Suara.com - Bupati Purwakarta Dedi Mulyadi mengaku sering mendapati protes dari kelompok-kelompok yang tak setuju dengan kepemimpinannya terlebih soal pembangunan berbasis seni dan budaya di Purwakarta.
"Bukan sekedar diprotes. Dilempari batu juga pernah. Tapi itukan akibat tidak memahami," kata Dedi ditemui di Kantor Bupati Purwakarta, Jawa Barat, Kamis (12/10/2017).
Meski demikian, Dedi juga tak ingin menyalahkan kelompok masyarakat yang memprotes dirinya. Menurut Dedi, kelompok-kelompok tersebut memiliki pandangan terkait syariat yang seringkali dipisahlan dengan nilai-nilai sosial.
"Misalnya saya menanam pohon ya, ini kan nilai ibadahnya tinggi. Dalam pandangan mereka mungkin bukan ibadah, kalau bagi saya ini ya ibadah juga. Jadi ini soal pemahaman saja," ujar Dedi.
Baca Juga: Golkar Tawarkan Dedi Mulyadi Jadi Wakil Ridwan Kamil
Menurut Dedi, pandangan berbeda tidak mudah untuk disamakan. Hal ini wajar di negara demokrasi. Tapi, tidak satupun orang berhak untuk memaksakan pandangannya kepada orang lain.

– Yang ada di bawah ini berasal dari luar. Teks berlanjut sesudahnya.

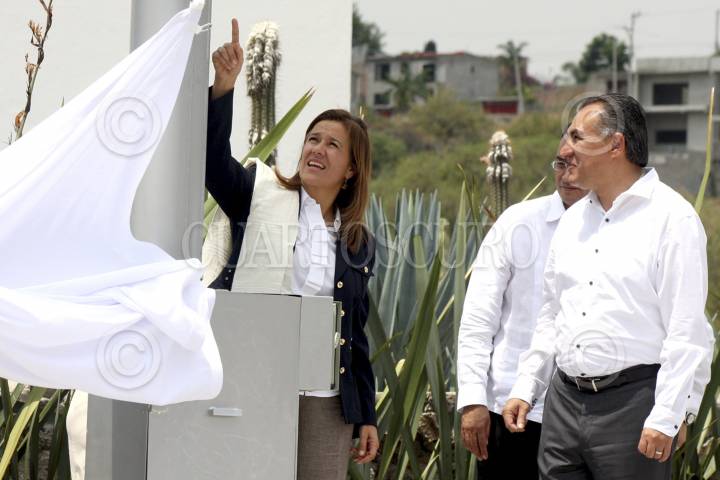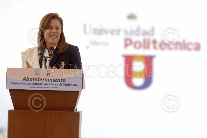 JIUTEPEC, MORELOS, 23MAYO2012.- En el marco del día del estudiante Margarita Zavala visitó esta mañana la Universidad Politécnica del Estado de Morelos (UPEMOR), donde recibió una carta compromiso de manos de una representante de los estudiantes donde se comprometían a promover la paz y evitar dentro se su institución cualquier tipo de acto violento, en este mismo evento se firmó una declaratoria por la paz. Para finaliza tuvo lugar el abanderamiento de las Comunidades Educativa Libres de Violencia, mientras la primera dama entonaba la canción “color esperanza”. FOTO: ALMA LAFAYET /CUARTOSCURO.COM

Selama tidak melanggar konstitusi, perbedaan pandangan sah-sah saja.
"Saya mengelola keuangan negara, mengelola pemerintahan itu kan ada aturannya. Yaitu berbasis perundang -undangan yang mengatur kaidah saya sebagai Bupati. Pertanyaannya apa saya langgar?" tutur Dedi.
Lagipula, lanjut Dedi, tidak ada yang substansial yang dipermasalahkan oleh ormas-ormas tersebut. Seperti pengadaan patung di pusat-pusat kota dan kantor kabupaten.
Menurut Dedi, patung bukanlah hal yang terlarang di Indonesia. Jadi tak ada salahnya jika Pemkab membuat banyak patung sebagai bagian dari ikon Kabupaten Purwakarta.
Baca Juga: Dedi Mulyadi Akan Mundur dari Golkar Jika 3 Hal Ini Terjadi
"Saya sebenarnya tidak masalah ya kalau patung dilarang. Tapi kalau itu dilarang secara umum. Nggak boleh ada di Indonesia. Ini patung wayang yang saya pasang diributin, tapi itu patung harimau Kodim tidak ribut," ujar Dedi.